CHIEF EXECUTIVE'S REPORT


EnQuest's performance, business model and strategy
EnQuest's core competency in controlling costs and managing operations efficiently is particularly important in the current climate of low oil prices.  Despite challenging macro conditions, EnQuest delivered a strong operational performance in 2014, with production of 27,895 Boepd, whilst EBITDA was $581 million.  2014 was a record year for production and was up 15% on the prior year.  The acquisition of the Seligi and PM8 oil fields in Malaysia provided EnQuest with its first contribution from outside the North Sea, countering the impact of delay to the Alma/Galia project.  

EnQuest delivered an increase in its net 2P reserve base, up by 25.2 to 220.0 MMboe, reflecting a reserve replacement ratio of approximately 350% for 2014.  The increase resulted partly from positive revisions to reserve estimates from infill drilling and an improved knowledge of the reservoirs.  Approval of the Ythan discovery for development, and the promotion of the Scolty and Crathes discoveries following development planning, also contributed to the increase in EnQuest's reserve base.  Further additions arose from 2014 acquisitions, including interests in the Greater Kittiwake Area ('GKA') and PM8/Seligi in Malaysia. 

During the latter part of 2014, EnQuest acted quickly to counter the impact of a rapid decline in oil prices, increasing the hedging programme and significantly cutting 2015 cash capital expenditure to c.$600 million, with reductions from both developments and existing fields. We are targeting a reduction in EnQuest's operating cost per barrel of c.10%, from $42.1/boe in 2014 to an average of c.$38/boe in 2015.  This is being achieved through lower cost barrels coming onstream, reducing opex per barrel in newly acquired fields, and through substantial direct cost savings.  We are targeting cost savings across the business, through the supply chain and by improving efficiencies in our operations, through maximising production and minimising waste.  We have cut limited company contractor rates and reduced our headcount in the UK and logistics costs are down significantly.  This agile focused approach enabled EnQuest to hold unit operating costs flat during its first five years, while average costs in the North Sea doubled. EnQuest continues to work with the supply chain and contractors to achieve further cost savings and optimisation.  

Given the low oil price environment, EnQuest negotiated a relaxation of covenants to its revolving credit facility until mid-2017.  This continued commitment from our lenders recognises the cash flow generation of EnQuest's business and in particular the expected increases in cash flow from the Alma/Galia and Kraken developments.

EnQuest has achieved a 173% increase in net oil reserves over the last five years, having converted more than half of the original reserves into flowing barrels.  Despite the reductions to the investment programme, EnQuest remains on course to achieve annual net production from the UK North Sea of 50,000 Boepd, with six operated producing hubs in the UK.   In Malaysia, PM8/Seligi has the potential to increase international production significantly over the coming years.

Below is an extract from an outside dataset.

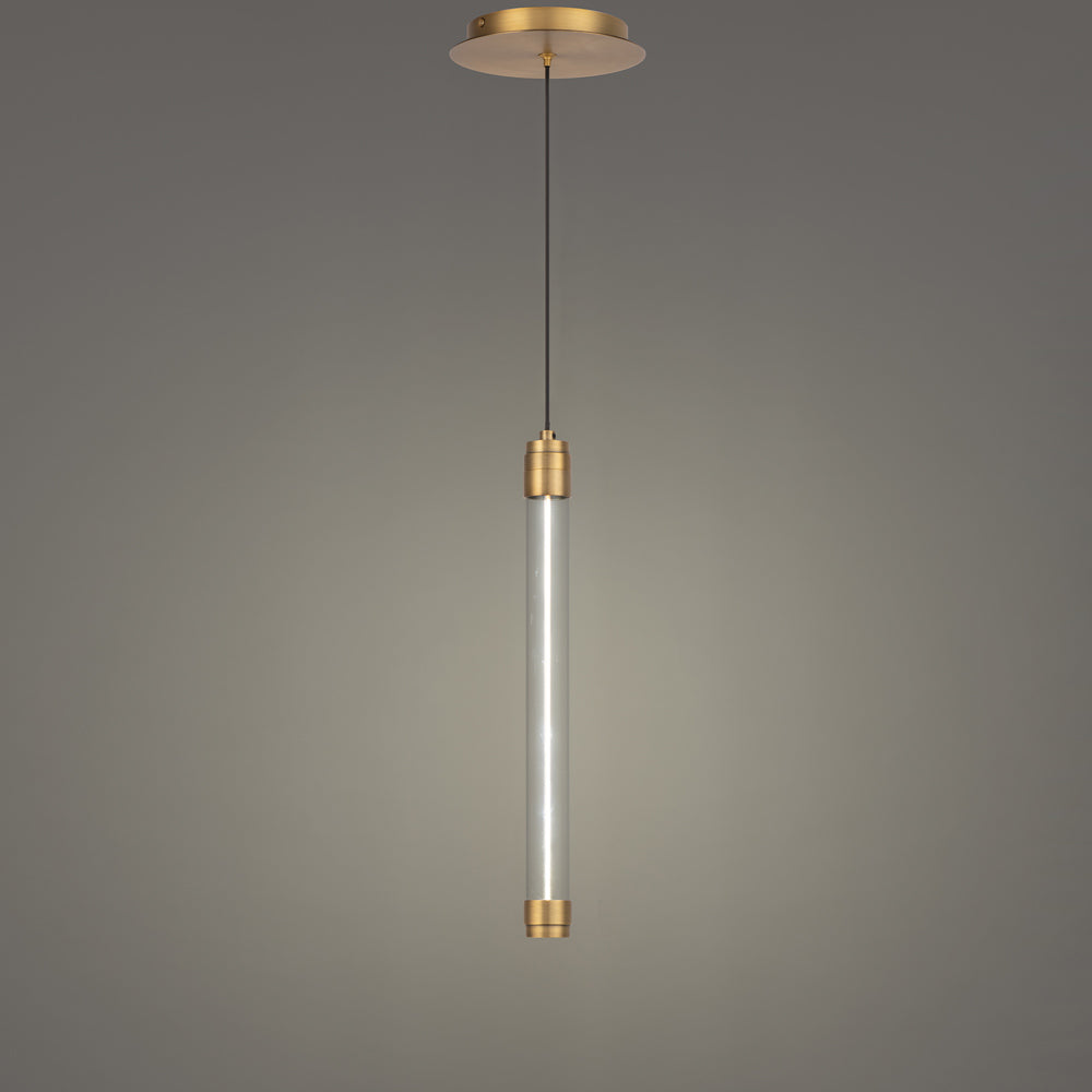 The tasteful appeal of slender silhouetting is on full display with the Jedi LED Mini Pendant Light from dweLED, playing a low-profile role with sleek sophistication. A glistening cylinder glass diffuser accented on both ends with metal caps delivers an extraordinary blend of low-key beauty and striking artistry. This energy-efficient pendant is well-suited to nooks and compact reading spaces.

Health, safety, environment and assurance ('HSE&A')
In 2014, EnQuest met its commitment to deliver safe results, with the best HSE performance since formation in April 2010.  EnQuest achieved a Lost-Time Incident Frequency Rate ('LTIFR') of zero and a Recordable Incident Frequency Rate ('RIFR') below the industry average. There were no High Potential Incidents ('HIPO's): the last recorded HIPO was in April 2013.

In addition, the producing northern North Sea assets achieved a total of 11 years without a Lost-Time Incident ('LTI') and 11 million man hours LTI-free. Health and Safety Executive inspections were performed on all the assets, and no major issues were identified. These results are a testament to the focus given to HSE&A. 

North Sea operations
In 2014, EnQuest delivered good production of 24,436 Boepd in the UK, marginally ahead of the 24,222 Boepd in 2013.  This reflects the continuing strength of field reservoir performance and high production efficiency from EnQuest's existing UK assets.  With production efficiency from existing assets averaging 88% in 2014, EnQuest is likely to have further improved its position in the Oil & Gas UK's rankings.

EnQuest delivered 12 wells in 2014, including successful wells at Heather and Don South West.  At the Dons, the Ythan development in Don North East, moved from licence award, through Field Development Plan submission and approval, to spudding of the first well in less than 12 months.  The Thistle life extension project continued to improve production levels in 2014.  Thistle produced over three million barrels of oil for the first time since 1997.  The Greater Kittiwake Area ('GKA') assets were acquired early in 2014.  Subsequent to the acquisition of GKA, the discovery of Avalon further enhanced the potential of GKA.

North Sea developments

Alma/Galia
 
During 2014, both the subsea and the drilling programmes for the Alma/Galia project were delivered on time.  By the end of the year, five production wells were fully completed and ready for tie-in and the subsea infrastructure was in place.  However, delays to the programme for the Floating Production, Storage and Offloading vessel ('FPSO', the 'EnQuest Producer') had moved the earliest possible 'sailaway' date into the winter months.  This would have significantly increased the operational risks and costs of waiting for appropriate weather conditions.  Sailaway and first oil were therefore rescheduled to spring 2015 and to mid-2015 respectively.  Since August 2014, the FPSO construction has remained on track and following first oil, initial net peak production of c.13,000 Boepd is expected, significantly increasing EnQuest's production profile.  Plateau unit operating cost is expected to be approximately $15/bbl to $20/bbl.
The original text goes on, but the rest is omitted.